--- Supplied records Enclosed Below ---

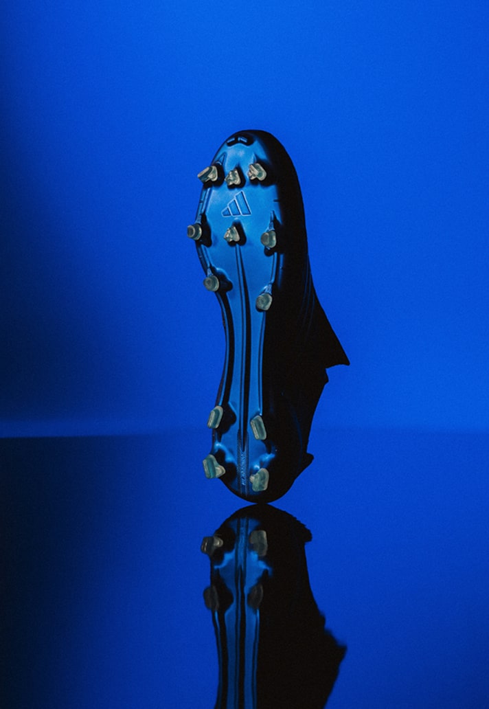 Then there’s the detail that made the Spider instantly recognisable: that iconic lace-over tongue. Still sleek. Still clean. Still one of the best pieces of boot design the industry has ever produced. Underfoot, a shimmering blue soleplate updates the legacy with modern traction and responsiveness – a proper fusion of past and present.
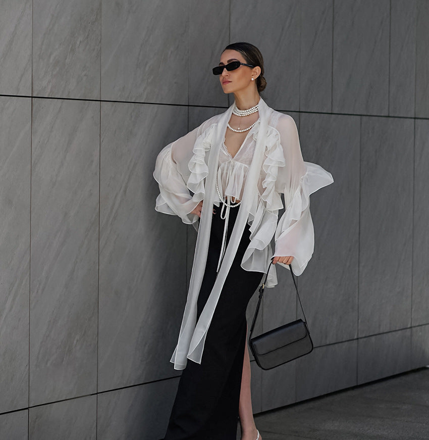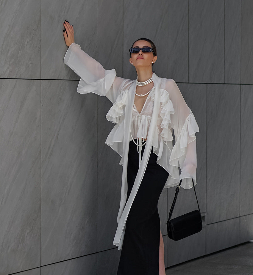 A breezy blouse with a playful ruffle detail, versatile for date, fun and brunch. Our Thorpe Top is a must have.
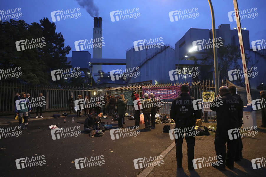 Aktivisten der Umweltschutzgruppe Extinction Rebellion demonstrieren vor dem Vattenfall-Kohlekraftwerk Reuter West. Etwa zehn von ihnen haben sich mit Sekundenkleber am Eingangsgitter festgeklebt. Nach Angaben der Organisatoren handelt es sich um eine schwedische Gruppe XR-Demonstranten. Berlin, 11.10.2019
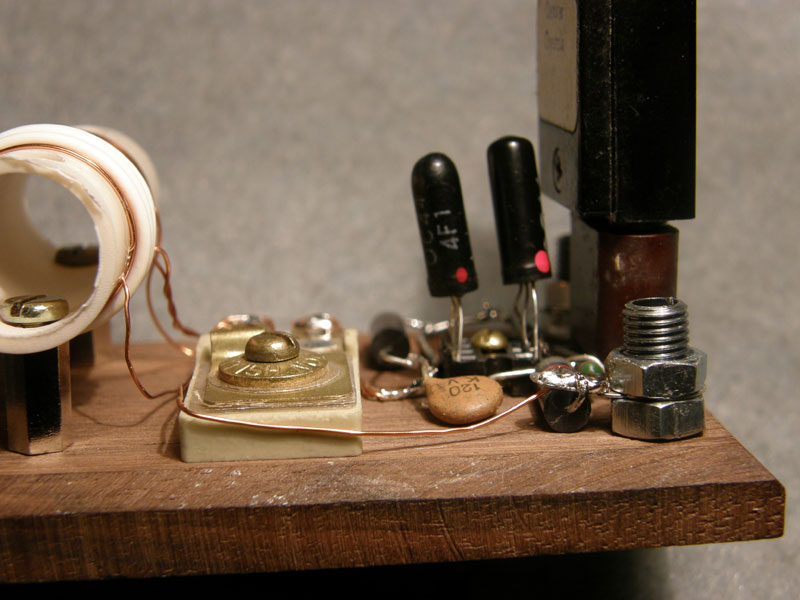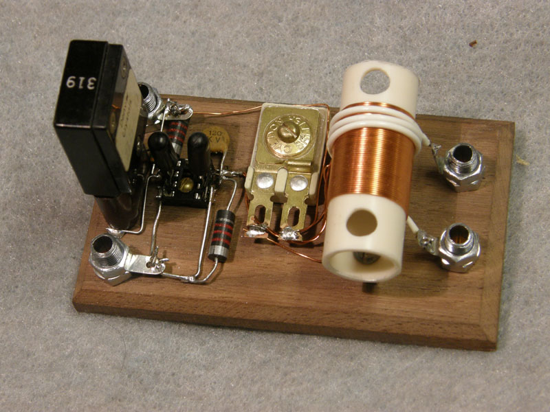 Enligt mitt tycke så har det insmugit sig ett fel i artikeln. Spolen är felvänd. Det borde vara mindre antal varv till kollektorn på transistorn. Transistorn är lågohmig. På min ritning vände jag spolen.
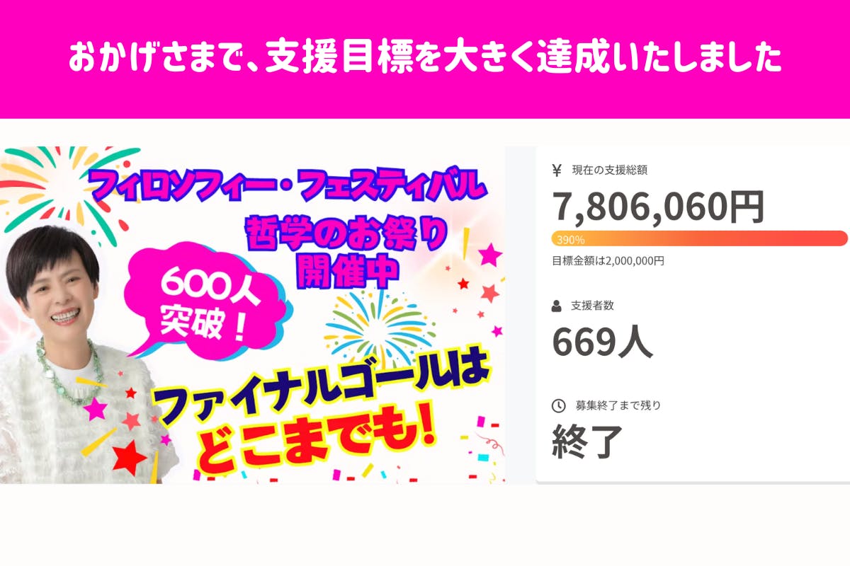 2024/01/29 09:12昨日1月28日(日)23:59をもちまして、約2ヶ月開催をしておりましたクラウドファンディング「フィロソフィー・フェスティバル」が閉幕いたしました。そのご報告とお礼をお伝えさせていただきます。「フィロソフィー・フェスティバル」では、目標人数600人、目標金額2,000,000円を目指しておりましたところ最終的に669名のご支援者より7,806,060円 のご支援金をいただくことができました。当初の目標金額を390%上回るご支援をいただき主催者である堤久美子をはじめ、一般社団法人アイアイ・アソシエイツ事務局運営スタッフ一同、心より感謝を申しあげます。ご支援金につきましては、当初プロジェクトのお約束のとおりに「個の発展」を拡げるためのイベント・講座などの活動や、『超解釈キルケゴールの教え』の販売促進に活用させていただきます。2ヶ月間、ご支援いただいた方お一人おひとりの温かい言葉に励まされゴールすることができました。このフェスティバルの閉幕後も、皆様の中で「哲学すること」が日常となり、誰もが哲学を楽しみ、誰もが当たり前に自分らしく生きる世界をつくるため活動を続けて参ります。本日よりすみやかにお約束したリターンの準備・履行を始めさせていただきます。ご提供や進捗のご報告は個別にメールをさしあげます。最後になりますが、この2ヶ月間、本当にご支援ありがとうございました。 もっと見る

--- End of Enclosed Supplied records ---

Your answer must be an exact copy of the records, with no pictures in it.

 Then there’s the detail that made the Spider instantly recognisable: that iconic lace-over tongue. Still sleek. Still clean. Still one of the best pieces of boot design the industry has ever produced. Underfoot, a shimmering blue soleplate updates the legacy with modern traction and responsiveness – a proper fusion of past and present.
 A breezy blouse with a playful ruffle detail, versatile for date, fun and brunch. Our Thorpe Top is a must have.
 Aktivisten der Umweltschutzgruppe Extinction Rebellion demonstrieren vor dem Vattenfall-Kohlekraftwerk Reuter West. Etwa zehn von ihnen haben sich mit Sekundenkleber am Eingangsgitter festgeklebt. Nach Angaben der Organisatoren handelt es sich um eine schwedische Gruppe XR-Demonstranten. Berlin, 11.10.2019
 Enligt mitt tycke så har det insmugit sig ett fel i artikeln. Spolen är felvänd. Det borde vara mindre antal varv till kollektorn på transistorn. Transistorn är lågohmig. På min ritning vände jag spolen.
 2024/01/29 09:12昨日1月28日(日)23:59をもちまして、約2ヶ月開催をしておりましたクラウドファンディング「フィロソフィー・フェスティバル」が閉幕いたしました。そのご報告とお礼をお伝えさせていただきます。「フィロソフィー・フェスティバル」では、目標人数600人、目標金額2,000,000円を目指しておりましたところ最終的に669名のご支援者より7,806,060円 のご支援金をいただくことができました。当初の目標金額を390%上回るご支援をいただき主催者である堤久美子をはじめ、一般社団法人アイアイ・アソシエイツ事務局運営スタッフ一同、心より感謝を申しあげます。ご支援金につきましては、当初プロジェクトのお約束のとおりに「個の発展」を拡げるためのイベント・講座などの活動や、『超解釈キルケゴールの教え』の販売促進に活用させていただきます。2ヶ月間、ご支援いただいた方お一人おひとりの温かい言葉に励まされゴールすることができました。このフェスティバルの閉幕後も、皆様の中で「哲学すること」が日常となり、誰もが哲学を楽しみ、誰もが当たり前に自分らしく生きる世界をつくるため活動を続けて参ります。本日よりすみやかにお約束したリターンの準備・履行を始めさせていただきます。ご提供や進捗のご報告は個別にメールをさしあげます。最後になりますが、この2ヶ月間、本当にご支援ありがとうございました。 もっと見る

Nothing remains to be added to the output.